Not really. I concede that there is gray area between those rules I'm condoning and those I'm condemning. However. Wearing torn jeans or exposing underwear is not a lateral call with regard to formality (i.e., black tux vs. white tux, or black t-shirt vs. white t-shirt) but a call about how formally one is dressed for the specific occasion of attending school classes. I fully realize this call is my personal opinion and may well fall within the gray area. But so what? So it falls within the gray area. "Don't wear white after Labor Day, no matter who you are, where you are, or what the occasion" is quite different.
> (especially if they're not violating a school's dress code!)
The presence of any dress code at all would change the scenario entirely. I was assuming none. With a dress code that disallows torn jeans, I would have all the more ground to stand on in denouncing them; with a dress code that permitted them, my (absolutely personal and subjective) beef would be with the dress code, not with anybody who made use of its lenience.
> If anything, "don't wear white after Labour Day" has more of a purpose than "wear a tie in here." Not wearing white after Labour Day (an admittedly arbitrary deadline) serves the purpose koalamom mentioned -- easier to keep stuff clean.
I disagree totally. Koalamom's practical reason only gives the rule a practical purpose on the personal level. But if this rule is established as one everyone is expected to follow, it disallows one from wearing white (1) because *this* day is not wet, (2) because one is not going to be outside much, (3) because one happens to be good at keeping clothes clean anyway, (4) because one carries spot cleaner in one's pocket, (5) because one won't be in a place where dirty clothing would fall below the formality standards of the occasion and doesn't give a crap about the condition of his clothes.

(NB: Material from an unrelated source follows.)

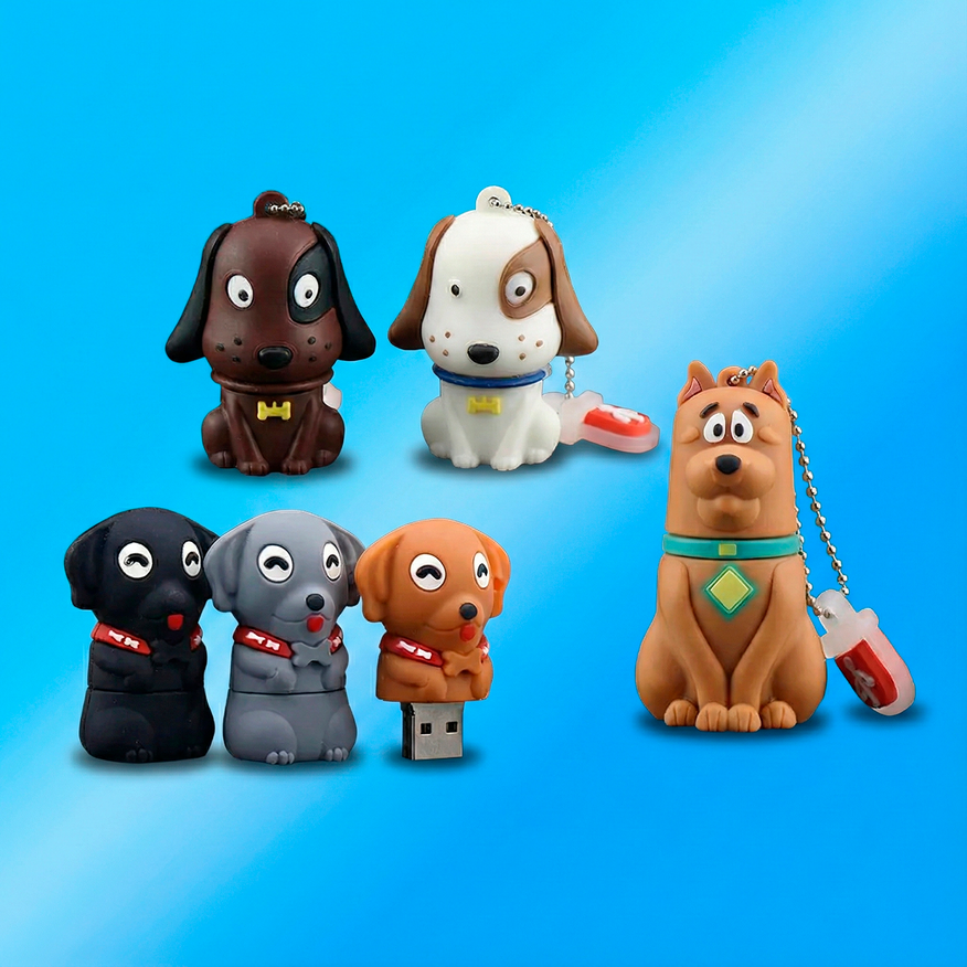 Было бы несправедливо уделить столько внимания кошкам и проигнорировать «собачников». В следующий набор вошли фигурки, посвященные лучшим друзьям человека. Коллекция включает в себя 8 моделей, представляющих различные породы и стилизации — от милых щенков с большими глазами до более серьезных псов. Все они выполнены в 3D-формате, где сама флешка аккуратно спрятана внутри корпуса. Чтобы добраться до USB-коннектора, обычно нужно снять голову фигурки, что превращает использование гаджета в своеобразную игру.

"Wear a tie in here," while admittedly enforcing a type of formality that makes use of one, is nevertheless a kind of rule that specifies a *level* of formality instead of purely how that is achieved.
To sum up, I'm distinguishing between rules that seem geared towards a level of formality rather than lateral constraints within levels of formality. And I'm also distinguishing between rules that apply to a place and occasion (dinnertime at an upscale hotel, classes at school) and rules that apply to everybody, all the time, regardless of circumstance or company.
> "Dressing appropriately" is not equivalent to being polite or courteous, because the way you dress does not necessarily impact your actions.
"Dressing appropriately" *is* an action. Show up to a wedding in a red leather studded jacket and partially bleached, torn jeans, and, unless this is a very unusual wedding, that is impolite and discourteous even if your every word and your every other action is the soul of graciousness.
Of course, if you bump into someone on the street, then I concede your point: the manner in which that person is dressed has basically no impact on that person's politeness or courtesy. But this distinction is exactly why I distinguish between fashion rules for an occasion and blanket fashion rules for everybody, all the time.
I'm not asking anybody to accept exactly where I draw all the lines on this topic. Disagree with me on the school issue, and that's fine: I can disagree with but respect that position. I *know* that fashion is subjective, and there is much gray area.
The only claim I'm making definitively here is that there is some black and white at the ends of the gray, and that stupid don't wear white after Labor Day rule, when applied as a blanket rule to all circumstances, is so far off the deep end as to be petty, superficial, and stupid.